You can even use AI to generate models and voiceovers for your creative, allowing your team to customize these assets to strike the right tone for your brand. Tools like LaLaLand make a diverse cast of AI models to show off your products. You can add a voice element to your videos with a generator like Lovo, which creates voices with your preferred accent, age, and gender.
Some AI ad generators, like Pencil, claim they can improve ad results by suggesting creative iterations and providing templates based on successful creative. This could be a huge creative relief for emerging brands but could be more challenging for enterprise companies that need more customization. They can also leave your brand in a reactive position and behind the curve if you’re not prioritizing discovering trends proactively before your competitors.
If all these applications seem too good to be true, you’re not wrong (for right now). You can’t just leap into generating all of the creative your marketing heart desires with AI alone–you need to make plans surrounding licensing, asset editing, legal protections, and more.
If you’re using generative tools like Midjourney and DALL-E 2, make sure you have the right commercial licensing plan in place to avoid legal issues. You also can’t directly edit the outputs those tools provide, which can be a big issue for any branded creative. However, Adobe Firefly is moving in the right direction by pairing generative AI with editing capabilities, and even more growth is expected in that area.
At the moment, AI for creative asset production is emerging tech, so it may not always generate the level of quality or specific kind of image you need. But you should continue exploring: stay up to date with what these tools can do and keep playing with them. The industry is moving fast and new capabilities are still to come.
This tech is also subject to some ongoing legal and ethical challenges that you should be aware of.
The But: evaluating potential challenges to ad creative AI solutions
The very nature of an emerging technology means that there are many questions still up in the air. That’s especially true of something like AI, which has massive potential but can feel more like the Wild Wild West than Silicon Valley. That brings us to the many possible legal, reputational, and ethical issues surrounding different uses of AI.
Artists and publishers are considering (or have already brought) lawsuits against companies that scraped their copyrighted work to train AI models without their consent. AI-generated content is often rife with factual errors, and concerns have been raised about underpaid workers overseas responsible for training AI tools.

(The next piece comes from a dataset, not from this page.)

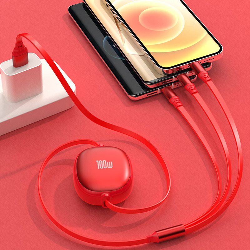 快充三合一数据线伸缩批发6a一拖三充电线logo车载手机100W快充
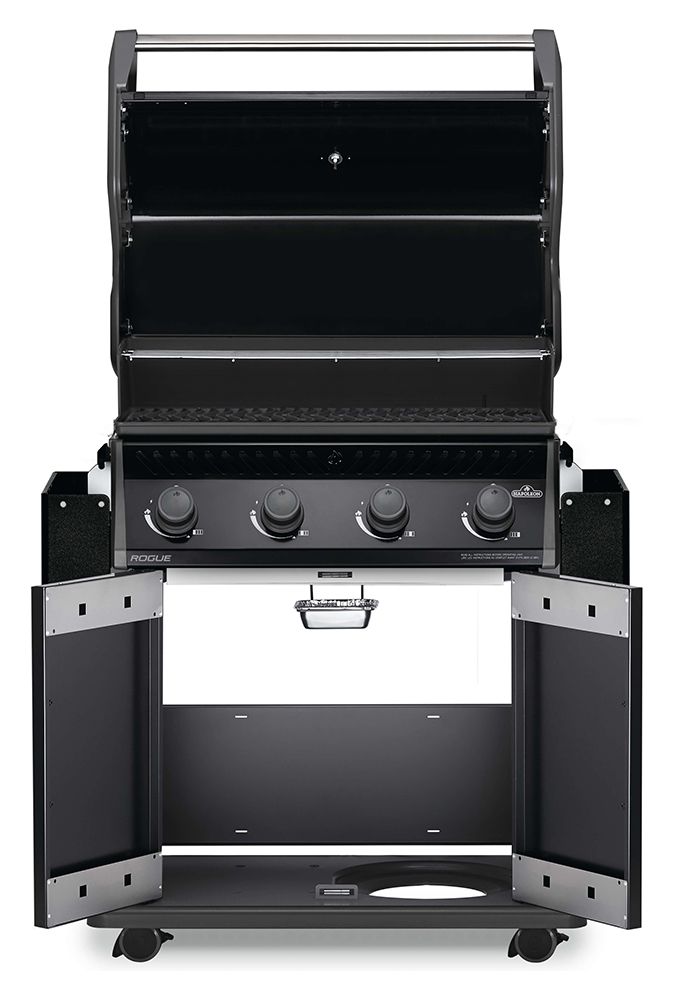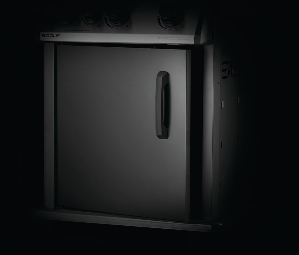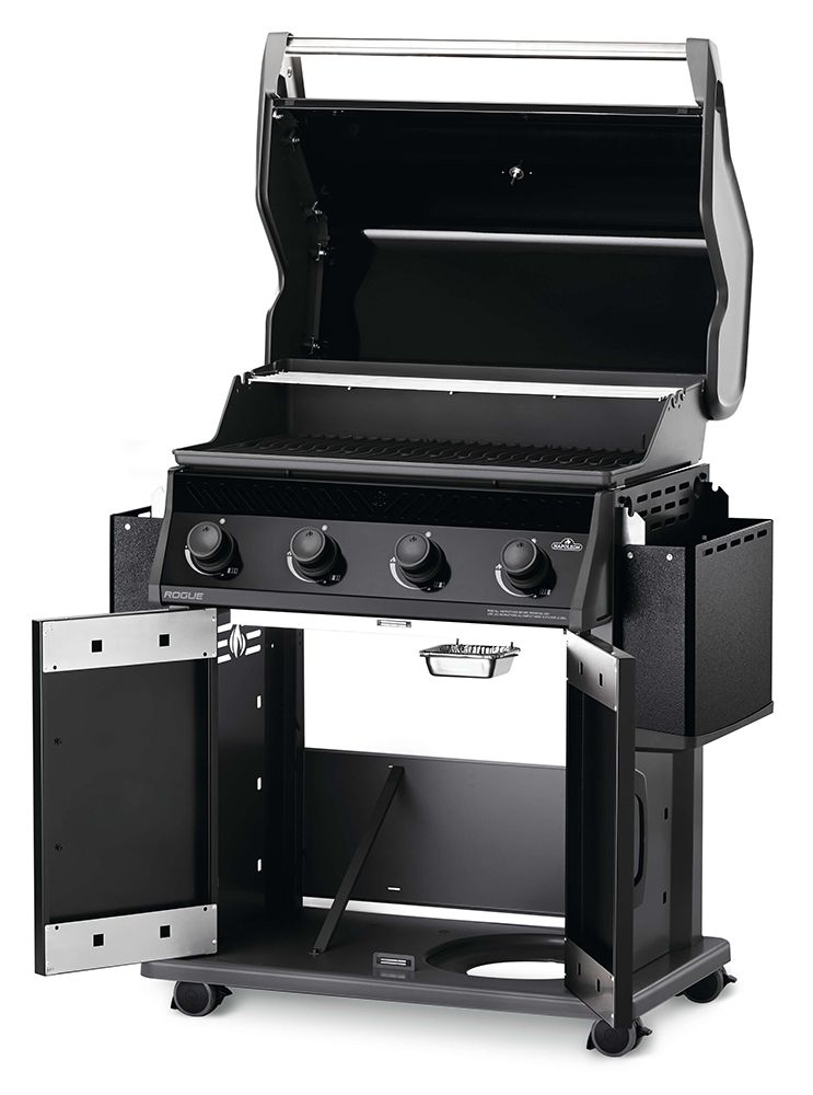 ROGUE® R525-1 grillivaunu seisoo tukevasti pedestaalijalustalla ja siinä on tilava kaapisto magneettilukitteisilla ovilla. Ovien takana on säilytys tilaa kaikenlaisille tarvikkeille, myös kaasupullolle katseilta suojassa. Grillivaunun molemmat sivupöydät taittuvat alas runkoon, säästäen tilaa säilytyksessä ja helpottaen sopivan sijoituspaikan löytymistä. Grilliä on helppo liikutella sen neljän lukittavan pyörän ansiosta.

These are all important challenges to the AI industry, and it’s important to keep an eye on how they shake out. But that doesn’t mean you should avoid AI entirely. Work with your legal team to assess potential risks—but don’t forget that not leveraging these game-changing innovations also carries risk, potentially leaving the door open to your competition.
The need for more and better creative is very real, and AI offers a lot of potential solutions to some of the challenges your brand will face in meeting this moment of data deprecation. In the end, it comes down to getting strategic about your approach.
The brands who will win in the age of data deprecation are the ones who strike the right balance and find a way to leverage these powerful tools with a minimum of risk.